Het plan van Building Conversation draagt in de ogen van de commissie matig bij aan het bereiken van een cultureel divers samengesteld publiek in de stad. Hoewel de organisatie in het plan aangeeft dat haar performatieve gesprekken gebaat zijn bij een divers publiek, bevat het geen duidelijke visie hoe de organisatie dat cultureel divers publiek wil bereiken. Het gezelschap gaat komende periode bewust op zoek naar partijen en presentatieplekken zoals het Tropenmuseum, Studio52 en DEGASTEN waar het verwacht een meer divers publiek aan te treffen.

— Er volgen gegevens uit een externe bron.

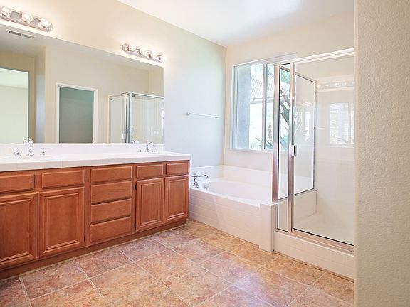 This Corona single story corner lot home offers a three car garage, a fireplace, kitchen island with a breakfast bar, a double oven, a walk in master closet, a master bathroom with a separated step in shower and tub, dual sinks and a sitting vanity. You can instantly unlock and tour this home any day of the week from 6am to 9pm, no appointment needed. Plus, every Opendoor home comes with a 90-day buyback guarantee. Terms and conditions apply.

Maar een plan om dit cultureel diverse publiek zelf te bereiken ontbreekt.

Het plan van Building Conversation toont geen sterke visie op de diversiteit van het personeelsbestand en bestuur, al is het gezelschap zich naar eigen zeggen bewust van de benodigde ontwikkeling op dit gebied. De organisatie geeft aan nu prioriteit te geven aan een wijziging in de samenstelling van bestuur en (tijdelijk) personeel. De commissie vindt het dan een gemiste kans dat bij de recente uitbreiding van het bestuur met twee leden, geen bestuursleden met een biculturele achtergrond zijn aangetrokken. 


Conclusie

De commissie adviseert de aanvraag van Stichting Third Space (Building Conversation) te honoreren met een lager bedrag dan aangevraagd, vooral omdat een verhoging van de bijdrage van het AFK niet in lijn is met het gedaalde publieksbereik in Amsterdam in de voorgaande periode.  De commissie adviseert daarom de aanvraag van Stichting Third Space (Building Conversation) gedeeltelijk te honoreren met een bedrag van € 85.000 per jaar.

De commissie constateert dat er na beoordeling van alle aanvragen onvoldoende budget beschikbaar is om de aanvraag te honoreren. 

De aanvraag is beoordeeld binnen de adviescommissie Theater.